Let me know your thoughts, I appreciate the dialogue.
I came here for the same reason, but looks like the only nice solution is this one here:
Create ddiff ddiff = DeepDiff(destination_data, source_data, ignore_order=True)
search the ddiff top level for the change_sections of interest (ie. 'values_changed')
iterate through that ddiff dict value (where ddiff key='values_changed') and reconstruct a dict so that new_dict[changed_key] = changed_value
return the new dict
@seperman @emocibob
what @emocibob and I want is
{ 'x': { 'y': [4] }, 'q': { 't': 0.5 } }Is it possible?
there is a way using the pprint builtin python library there is an example of this kind in the documentation:
>>> import pprint
>>> stuff = ['spam', 'eggs', 'lumberjack', 'knights', 'ni']
>>> stuff.insert(0, stuff[:])
>>> pp = pprint.PrettyPrinter(indent=4)
>>> pp.pprint(stuff)
[ ['spam', 'eggs', 'lumberjack', 'knights', 'ni'],
'spam',
'eggs',
'lumberjack',
'knights',
'ni']
>>> pp = pprint.PrettyPrinter(width=41, compact=True)
>>> pp.pprint(stuff)
[['spam', 'eggs', 'lumberjack',
'knights', 'ni'],
'spam', 'eggs', 'lumberjack', 'knights',
'ni']
>>> tup = ('spam', ('eggs', ('lumberjack', ('knights', ('ni', ('dead',
... ('parrot', ('fresh fruit',))))))))
>>> pp = pprint.PrettyPrinter(depth=6)
>>> pp.pprint(tup)
('spam', ('eggs', ('lumberjack', ('knights', ('ni', ('dead', (...)))))))
>>>
https://docs.python.org/3/library/pprint.html
If you would not mind I can open a PR, I only need to know where to do it (what file)
Any update ?
Current Result
{"root[0]['quantity']": {'new_value': 418190.78192466387,
'old_value': 418552.0530982703},
What i want
'entry': [{'coin': 'ETH',
'quantity': 418552.0530982703,
'wallet': '0x0548f59fee79f8832c299e01dca5c76f034f558e'}]
variables are in string format. I would love to reach all parents of diff
Any updates?
@wobeng @sreecodeslayer @emocibob @rgarrigue @wyattshapiro @shibumi @LeonardoLeano333 @fatihsirin @nmaas87
There is a wip force flag on the delta object that might give you something close to what you are asking for with some caveats.
>>> from deepdiff import DeepDiff, Delta
>>> t1 = {
... 'x': {
... 'y': [1, 2, 3]
... },
... 'q': {
... 'r': 'abc',
... }
... }
>>>
>>> t2 = {
... 'x': {
... 'y': [1, 2, 3, 4]
... },
... 'q': {
... 'r': 'abc',
... 't': 0.5,
... }
... }
>>>
>>> diff = DeepDiff(t1, t2)
>>> diff
{'dictionary_item_added': [root['q']['t']], 'iterable_item_added': {"root['x']['y'][3]": 4}}
>>> delta = Delta(diff)
>>> {} + delta
Unable to get the item at root['x']['y'][3]: 'x'
Unable to get the item at root['q']['t']
{}
Once we set the force to be True
>>> delta = Delta(diff, force=True)
>>> {} + delta
{'x': {'y': {3: 4}}, 'q': {'t': 0.5}}
Notice that the force attribute does not know the original object at ['x']['y'] was supposed to be a list, so it assumes it was a dictionary.

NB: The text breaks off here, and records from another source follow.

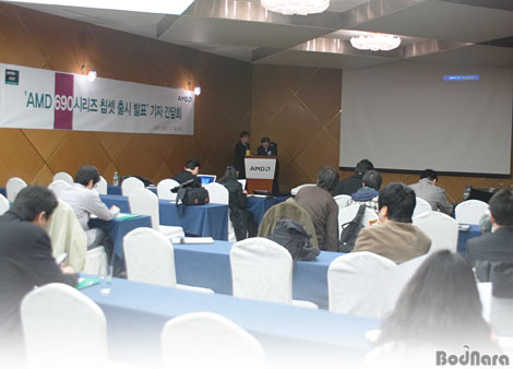 Çà»ç ½ÃÀÛÀº AMD ÄÚ¸®¾Æ ¹Ú¿ëÁø ´ëÇ¥ÀÇ Àλ縻·Î ½ÃÀ۵ǾúÀ¸¸ç PPT ÀڷḦ ÅëÇØ 690G Ĩ¼Â Á¦Ç°±ºÀÇ ±¸¼º°ú ½ºÆå Á¤º¸°¡ °ø°³µÇ¾ú´Ù.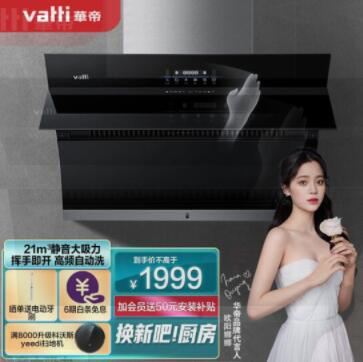 華帝(VATTI)抽油煙機 側吸式 家用靜音吸油煙機 21立方大吸力 智能揮手智控 高頻自動清洗 以舊換新 i11135
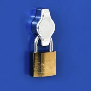 Esta solución es ideal en clubes deportivos o escuelas, por ejemplo. Permite cerrar la taquilla metálica con un candado. En este caso, los aldabones tienen una pequeña ranura para introducir el candado. Si desea bloquear sus taquillas con este tipo de cierre, le invitamos a que advierta a los usuarios que proporcionen un candado compatible (apertura disponible: 0,8 cm como máximo).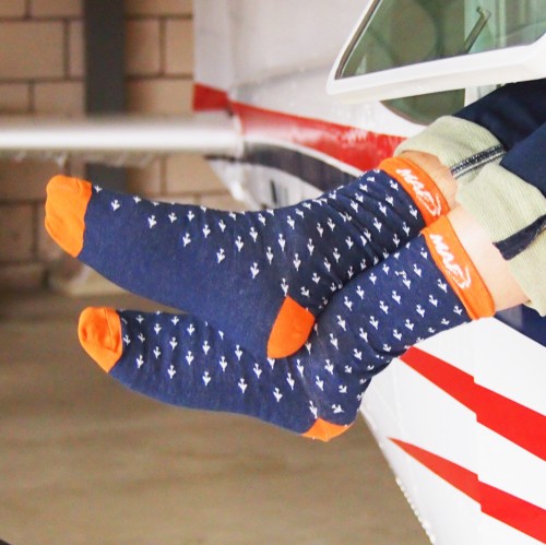 De maffe sokken zijn gemaakt van 95% katoen en 5% elastaan en zijn beschikbaar in meerdere ontwerpen en maten. Bestellingen worden binnen drie werkdagen verwerkt. Met de aankoop van deze sokken steun je het werk van MAF.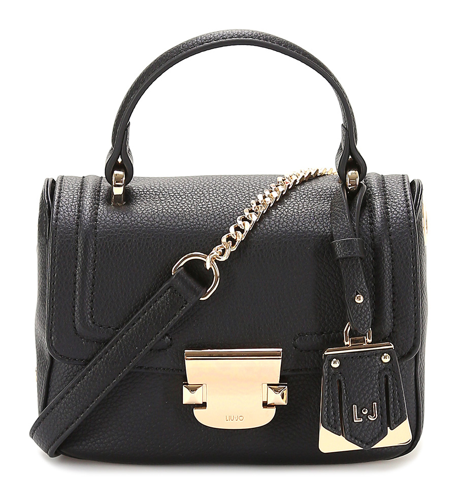 Borsa in eco pelle con chiusura a scatto. Tracolla a catena con dettaglio in eco pelle. Misure 19 x 14 cm. Dettagli gold.

You can find this new feature on the dev branch. To learn more about delta: https://zepworks.com/deepdiff/current/delta.html
Due to the lack of this feature we stopped using DeepDiff and instead now using dictdiffer (its docs for quick examples). Its output format is a lot easier to parse and get the relevant changes. I don't personally understand the appeal for root['obj']['obj'] format. At the very least it should be dot.seperated.items to make life a bit easier for developers.
@synchronizing Did you try the Delta(diff, force=True) mentioned above?
The developers can use the tree view which allows them to get the path directly. They don't need to parse root['obj']['obj']. Have you tried that?